Now, did you notice that we have touched on the principles behind how these supplements work, but nothing about how effective they are or how safe they might be? 

I have created a table of comparison below, to weigh the effectiveness of the above-mentioned supplements, taking into account peripheral consequences on lifestyle, well-being and diet.

From the ranking system, ephedrine ranked most effective, with consideration of lifestyle and health consequences. CLA and GTE, both popular fat burner ingredients fared less well surprisingly, with CLA showing close to no difference from being a placebo! The inconsistencies of GTE make it unreliable in the short term, although its cardiovascular benefits make it worth it as a supplement.

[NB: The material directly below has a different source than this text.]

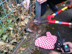 Nö: Tierrettungseinsatz in Baden-Leesdorf → Igel klemmt im Zaun fest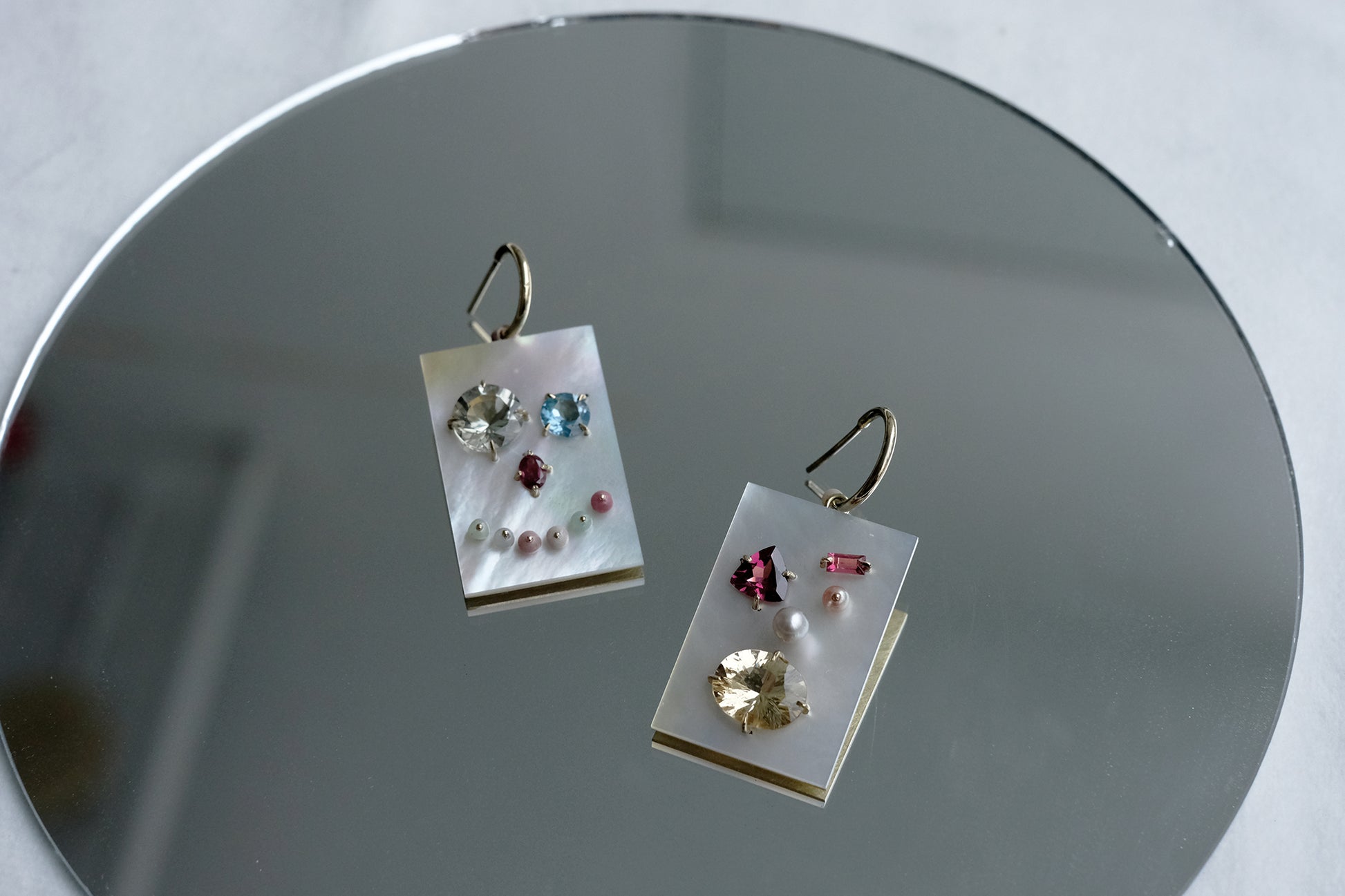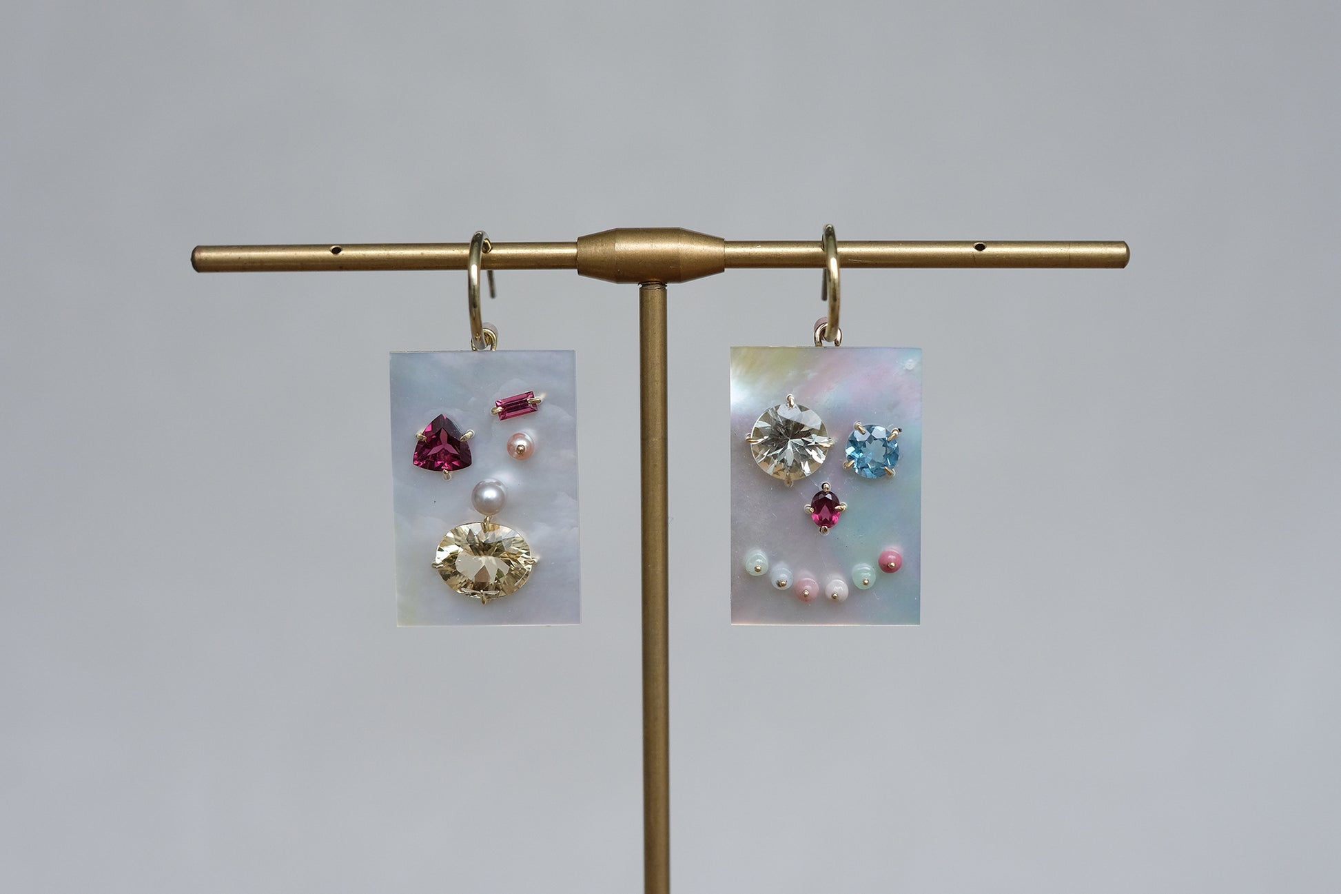 Left- pearl, 0.14ct pink tourmaline, 0.88ct almadin, 2.5ct golden beryl

However, the point of this ranking system is not to convince you, the reader, to purchase or deter you from purchasing certain supplements. Rather, it is to highlight the fact that fat burners are not miracle solutions, and have their pros and cons that have to be considered wisely before consumption. Even for ephedrine that ranked highest, safety issues with cardiotoxicity should be noted and legality is definitely another barrier.

If you review the information given in this report, especially in the comparison table above, you will find that the effects from fat burning supplements isn’t actually significant, as compared to traditional weight loss methods of exercise and dieting. In fact, CLA’s increase to insulin resistance may be counterproductive in the long run, as it reduces levels of HSL in the blood. Also, note that GTE’s “fat burning” effects only work well when combined with caffeine, showing that directions for consumption is as important as the product itself.

Hopefully, the tools of investigation used in this article can be carried forward in your (the reader’s) study of other supplements. Make sure you do your research before making a purchase!

Key Takeaway : Supplements (and fat burners) might show promising and elaborate mechanisms, but effectiveness and safety are key issues one should consider and research before purchasing a supplement.